Leading lithographic equipment manufacturer ASML has managed to reduce the minimum resolution to 8 nm, Tom’s Hardware, an American online computer technology publication, reported on May 28.
At the imec ITF World 2024 exhibition, company representatives announced that they were able to achieve two new and important results at once: an increase in print resolution and a noticeable increase in speed.
The lithographic equipment currently used in the mass production of chips makes it possible to achieve a printing precision of up to 13.5 nm, which corresponds to the wavelength of the radiation source used. Two months ago, ASML announced that, together with the imec institute, they managed to achieve a resolution of 10 nm. Now it is announced that it has reached the 8nm mark.
In addition to reducing the minimum element size, we were able to radically increase speed. Production speed was raised from the current 200-300 mm of wafers per hour to 400-500.

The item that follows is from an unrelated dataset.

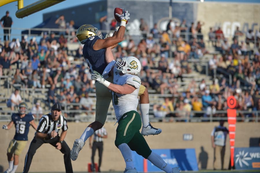 The game kicked off in the middle of an unusually warm October afternoon. But the temperature did not interfere with the UC Davis offense, which found the endzone on each of its first three possessions. In fact, the Aggies scored on just the third play from scrimmage, when sophomore quarterback Jake Maier completed a 24-yard pass to his wide-open sophomore tight end, Wesley Preece. Maier found Preece streaking up the seam again, off a similar play-action fake, on the next UC Davis possession. The 28-yard hookup completed a two-play drive and was Preece’s second touchdown on the afternoon, putting the Aggies up 14-0 after only three minutes of play. Preece finished with five catches for 96 yards, garnering praise from head coach Dan Hawkins.

The main goal of ASML is to increase the speed of wafer processing. The finer the technical process, the more expensive and difficult it is to switch to it, the more chips must be produced to reduce the cost of the final products. Increasing the printing speed allows you to offset part of the costs of equipment, infrastructure, technology and the development of a new technical process.
We remind you that the 3, 5, 7 nm technical processes called by leading chip manufacturers do not indicate the sizes of individual elements. This is a synthetic measure that is partly marketing in nature.
Basically, 3 nm means that electrons or “holes” pass through the semiconductor junction at the same speed as if the junction with a conventional structure were 3 nm in size. For this, special physical and chemical manipulations with the material of the semiconducting structure are used.